Akram Sahar, Presacco Alessandro, Simon Jonathan Z, Shamma Shihab A, Babadi Behtash
Department of Electrical and Computer Engineering, University of Maryland, College Park, MD 20742, USA; Institute for Systems Research, University of Maryland, College Park, MD 20742, USA.
Department of Hearing and Speech Science, University of Maryland, College Park, MD 20742, USA.
Neuroimage. 2016 Jan 1;124(Pt A):906-917. doi: 10.1016/j.neuroimage.2015.09.048. Epub 2015 Oct 4.

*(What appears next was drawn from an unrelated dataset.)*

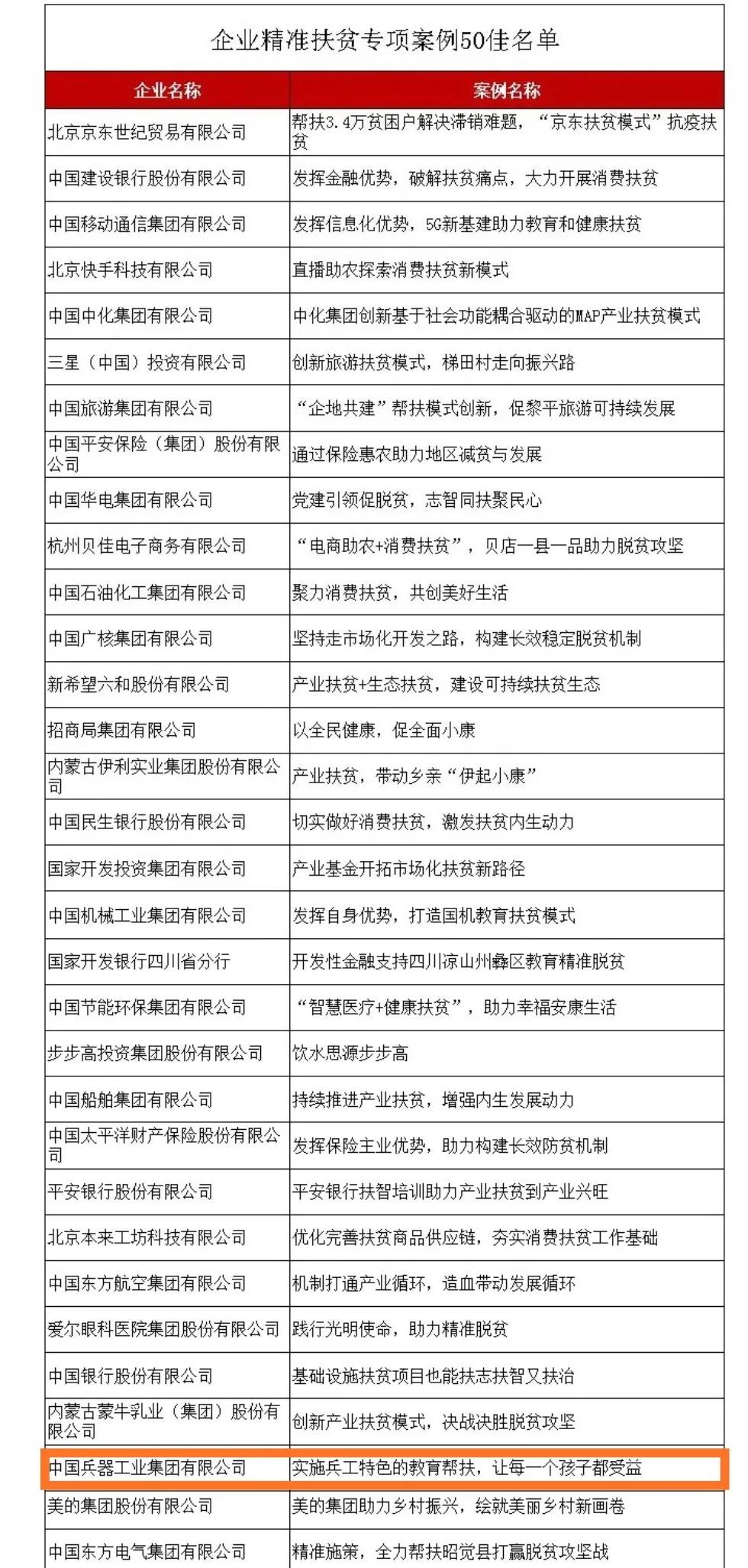 近日(ri),國務院(yuan)扶貧(pin)辦發(fa)布2020年企業(ye)精準扶貧(pin)案(an)例(li)獲(huo)獎名單,中(zhong)國兵器工(gong)(gong)業(ye)集團有限公司《實施兵工(gong)(gong)特色的教育幫扶,讓每(mei)一個(ge)孩子都受益》案(an)例(li)入選2020年企業(ye)精準扶貧(pin)專項案(an)例(li)“50佳”。

The underlying mechanism of how the human brain solves the cocktail party problem is largely unknown. Recent neuroimaging studies, however, suggest salient temporal correlations between the auditory neural response and the attended auditory object. Using magnetoencephalography (MEG) recordings of the neural responses of human subjects, we propose a decoding approach for tracking the attentional state while subjects are selectively listening to one of the two speech streams embedded in a competing-speaker environment. We develop a biophysically-inspired state-space model to account for the modulation of the neural response with respect to the attentional state of the listener. The constructed decoder is based on a maximum a posteriori (MAP) estimate of the state parameters via the Expectation Maximization (EM) algorithm. Using only the envelope of the two speech streams as covariates, the proposed decoder enables us to track the attentional state of the listener with a temporal resolution of the order of seconds, together with statistical confidence intervals. We evaluate the performance of the proposed model using numerical simulations and experimentally measured evoked MEG responses from the human brain. Our analysis reveals considerable performance gains provided by the state-space model in terms of temporal resolution, computational complexity and decoding accuracy.
人类大脑如何解决鸡尾酒会问题的潜在机制在很大程度上尚不清楚。然而,最近的神经影像学研究表明,听觉神经反应与被关注的听觉对象之间存在显著的时间相关性。利用人类受试者神经反应的脑磁图(MEG)记录,我们提出了一种解码方法,用于在受试者选择性地收听嵌入在竞争说话者环境中的两个语音流之一时跟踪其注意力状态。我们开发了一个受生物物理学启发的状态空间模型,以解释神经反应相对于听众注意力状态的调制。构建的解码器基于通过期望最大化(EM)算法对状态参数的最大后验(MAP)估计。仅使用两个语音流的包络作为协变量,所提出的解码器使我们能够以秒级的时间分辨率以及统计置信区间来跟踪听众的注意力状态。我们使用数值模拟和从人类大脑实验测量的诱发MEG反应来评估所提出模型的性能。我们的分析揭示了状态空间模型在时间分辨率、计算复杂度和解码准确性方面带来的显著性能提升。